NEW YORK (Reuters) - Jon Corzine's bid to revive his Wall Street career crashed and burned on Monday when his futures brokerage MF Global Holdings Ltd filed for bankruptcy protection following bad bets on euro zone debt.
The firm had been scrambling over the weekend to avert bankaruptcy by finding a buyer and prospects looked reasonably promising.
But talks broke down and the firm filed for bankruptcy on Monday, October 31st. In what is perhaps an unusual move in today's climate, regulators were instrumental in preventing a buyer from being found, and MF Holdings is blaming regulators for hastening the bankruptcy. The collapse is being compared to that of Lehman Brothers and the collateral damage is expected to be contained.
But once regulators forced it to fully disclose the bets on debt issued by countries including Italy, Portugal and Spain, it rapidly unraveled with no buyers willing to step in.
The company's shares plunged last week as its credit ratings were cut to junk. The Chapter 11 bankruptcy filing came after talks to sell a variety of assets to Interactive Brokers Group Inc broke down earlier on Monday, a person familiar with the matter said. Regulators had expressed "grave concerns" about the viability of MF Global, which filed for bankruptcy only after "no viable alternative was available in the limited time leading up to the regulators' deadline," the company's chief operating officer, Bradley Abelow, said in a court filing.
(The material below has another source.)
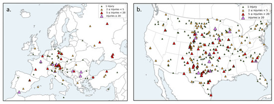 - Taszarek, M.; Allen, J.T.; Púčik, T.; Hoogewind, K.A.; Brooks, H.E. Severe convective storms across Europe and the United States. Part II: ERA5 environments associated with lightning, large hail, severe wind, and tornadoes. J. Clim. 2020, 33, 10263–10286. [Google Scholar] [CrossRef]

The firm's failure to provide required data and information to regulators was instrumental in its downfall, and FINRA (regulatory agency) required MF to increase its capital.
One of the regulators that pressed MF Global, the U.S. Commodity Futures Trading Commission, was unhappy with the brokerage's failure to give it the required data and records.
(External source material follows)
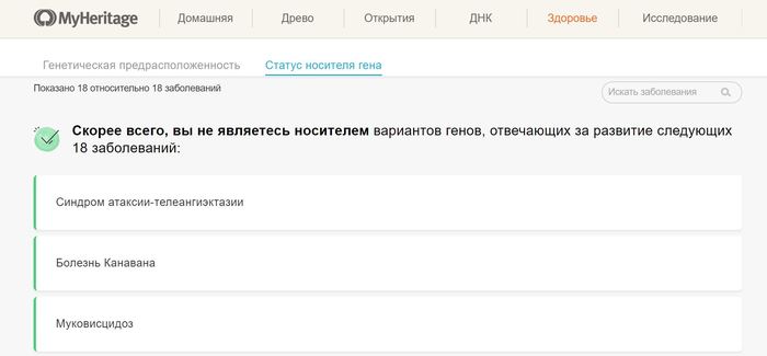 Примерно такой же анализ на MyHeritage стоит сейчас в районе 60$ и гораздо менее информативен, но более интересен тем, кто хочет проверить себя на наличие наследственных передающихся заболеваний типа муковисцидоза или болезни Канавана.

"(T)o date we don't have the information that we should have," said a source close to the CFTC.
The bankruptcy is the eighth largest in US history and the largest to be hit by Europe's ongoing debt problems.
And in addition to bankruptcy, Corzine is facing a regulatory probe as regulators are investigating the possibility of millions of dollars missing from client accounts.
U.S. regulators are investigating whether hundreds of millions of dollars are missing from client accounts at MF Global Holdings Ltd. (MF), according to two people with knowledge of the matter.
MF Global, the holding company for the broker-dealer run by former New Jersey governor and ex-Goldman Sachs Group Inc. co- Chairman Jon Corzine, told regulators yesterday about deficiencies in accounts that it managed for clients in the futures market, the CFTC and Securities and Exchange Commission said in an e-mailed statement.
“It’s kind of considered the third rail of the brokerage industry that when you’re holding your customers’ funds in their names, you don’t touch them -- even in an emergency situation when you’re running short of cash,” Darrell Duffie, a professor at Stanford University’s Graduate School of Business, said in a telephone interview.
When accounts don’t add up, “there is a whole range of possibilities, everywhere from an accounting error, to a technical glitch, and, of course, one can’t rule out misbehavior as a possibility,” Duffie said.
The missing funds were reported yesterday by the New York Times.
Earlier this year, Corzine's firm had offered investors a greater percentage return should he leave the firm for a position in the government requiring a Presidential appointment by July of 2013. This was such an odd provision stunning Wall St. that it was dubbed the 'Obama Clause'. No word yet on whether the bankruptcy filing invalidates this clause, but Press Secretary Jay Carney has denied any knowledge of Corzine being considered for a Presidential appointment.